* _PROVIDED DATA_
......

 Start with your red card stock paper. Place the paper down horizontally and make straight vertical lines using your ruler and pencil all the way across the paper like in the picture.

......

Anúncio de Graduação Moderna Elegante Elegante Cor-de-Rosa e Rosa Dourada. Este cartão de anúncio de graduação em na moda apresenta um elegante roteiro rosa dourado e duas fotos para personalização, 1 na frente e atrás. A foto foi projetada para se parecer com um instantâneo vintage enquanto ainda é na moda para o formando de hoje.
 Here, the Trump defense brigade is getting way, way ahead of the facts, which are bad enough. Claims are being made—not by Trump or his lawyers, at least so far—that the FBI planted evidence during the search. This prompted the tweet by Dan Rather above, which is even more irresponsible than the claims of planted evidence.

......

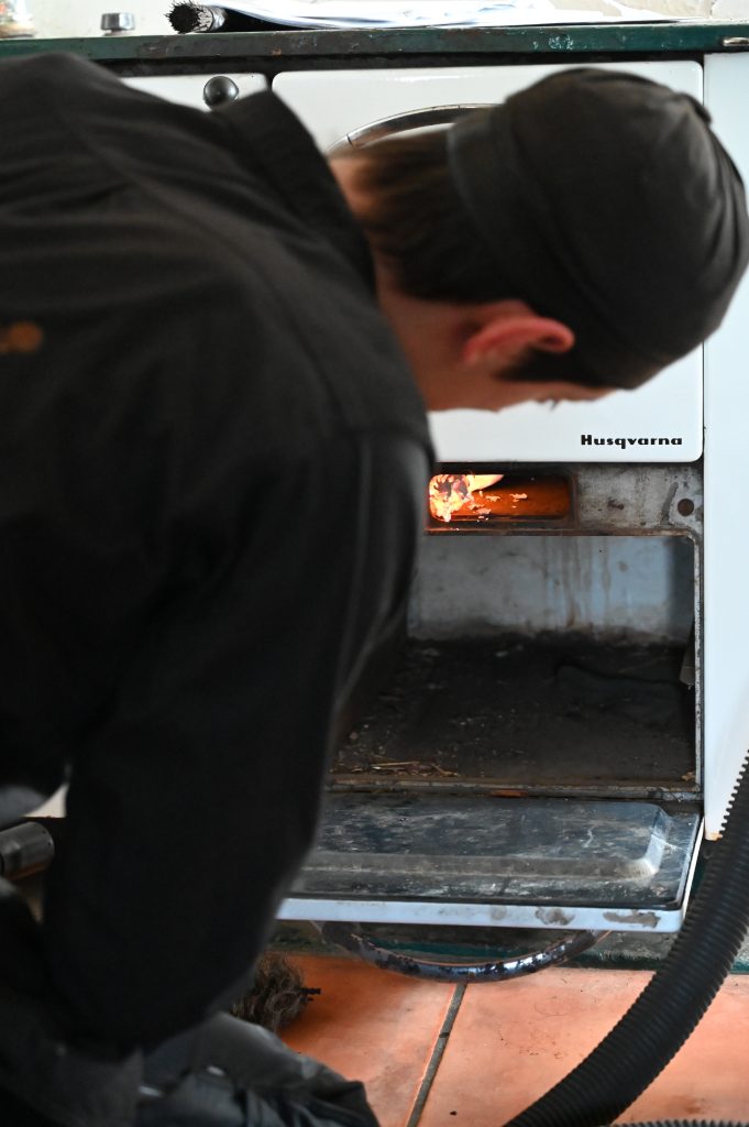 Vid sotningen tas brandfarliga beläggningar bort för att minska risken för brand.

......

* _EXERCISE DESCRIPTION_
Give the exact lines, and only those, from the line containing "Anúncio de Graduação Moderna" through the line containing "Here, the Trump" in the entries above.

* _THE ANSWER_
Anúncio de Graduação Moderna Elegante Elegante Cor-de-Rosa e Rosa Dourada. Este cartão de anúncio de graduação em na moda apresenta um elegante roteiro rosa dourado e duas fotos para personalização, 1 na frente e atrás. A foto foi projetada para se parecer com um instantâneo vintage enquanto ainda é na moda para o formando de hoje.
 Here, the Trump defense brigade is getting way, way ahead of the facts, which are bad enough. Claims are being made—not by Trump or his lawyers, at least so far—that the FBI planted evidence during the search. This prompted the tweet by Dan Rather above, which is even more irresponsible than the claims of planted evidence.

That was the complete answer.